Records to use
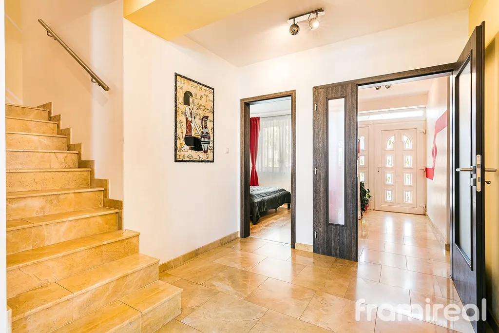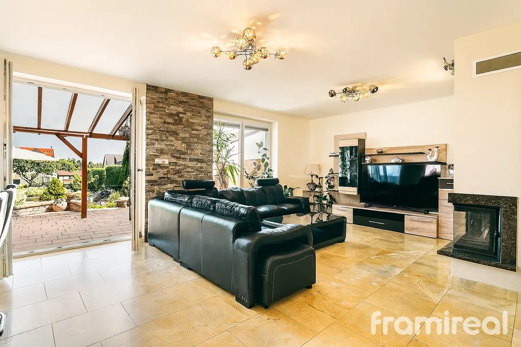 V přízemí se nachází obývací pokoj s krbem a klimatizací, propojený s kuchyňským koutem a jídelnou. Podlahové vytápění v kombinaci s mramorovou dlažbou zajišťuje příjemnou teplotu i v chladnějších dnech.
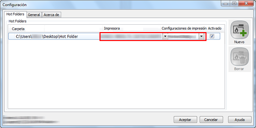 En Hot Folders, seleccione la Hot Folder de destino. En Impresora y Configuración de impresión, seleccione la impresora requerida para la Hot Folder y haga clic en Aceptar.
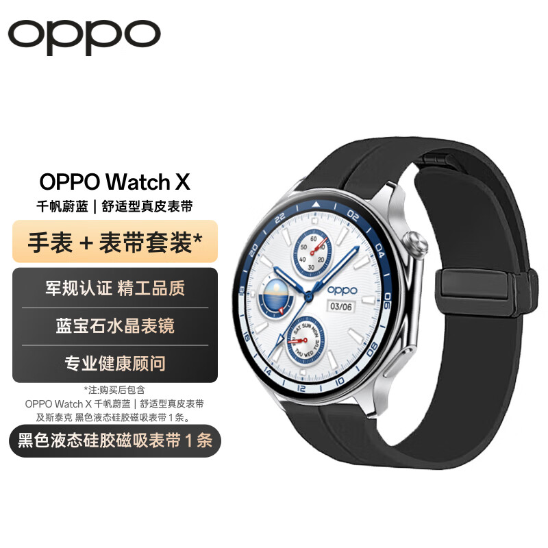 OPPO Watch X 千帆蔚蓝 全智能手表 运动健康手表 男女eSIM电话手表+黑色硅胶磁吸表带套装价格:2517.00元!
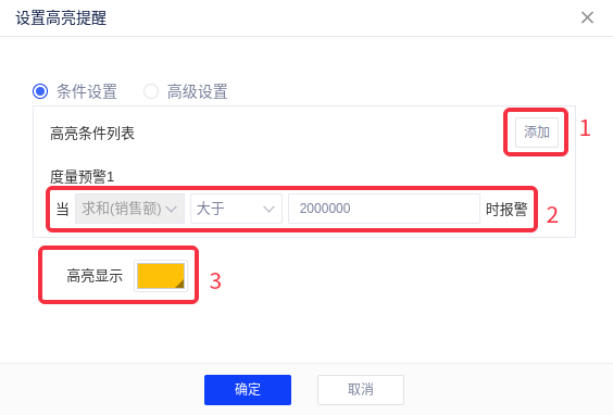 - ①添加高亮条件按钮,可以添加2中的度量预警数量;
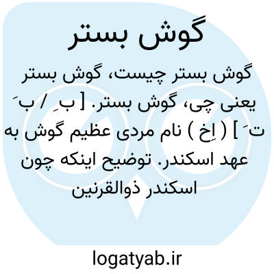 ( اسم ) هر یک از افراد قومی که گوششان چندان پهن بود که چون میخوابیدند یک گوش را بستر و گوش دیگر را لحاف میکردند ( داستان ). توضیح فردوسی در لشکر کشیدن اسکندر بسوی بابل آورد: سکندر سیه سوی بابل کشید ز گرد سپه شد جهان نا پدید.... پدید آمد از دور مردی سترگ پر از موی با گوشهای بزرگ تنش زیر موی اندرون همچو نیل دو گوشش به پهنای دو گوش پیل چو دیدند گردان کسی زین نشان ببردند پیش سکندر کشان سکندر نگه کرد زو خیره ماند برو برهمی نام یزدان بخواند چه مردی ? بدو گفت و نام تو چیست ? ز دریاچه یابی و کام تو چیست ? بدو گفت: شاها. مرا باب و مام همی گوش بستر نهادند نام...

Prompt
In the entries above, find the line that contains "OPPO Watch X" and the line that contains "- ①添加高亮条件按钮,可以添加2中的度量预警数量;". Reproduce exactly those two lines and every line between them, but not the pictures.

Exercise answer
 OPPO Watch X 千帆蔚蓝 全智能手表 运动健康手表 男女eSIM电话手表+黑色硅胶磁吸表带套装价格:2517.00元!
 - ①添加高亮条件按钮,可以添加2中的度量预警数量;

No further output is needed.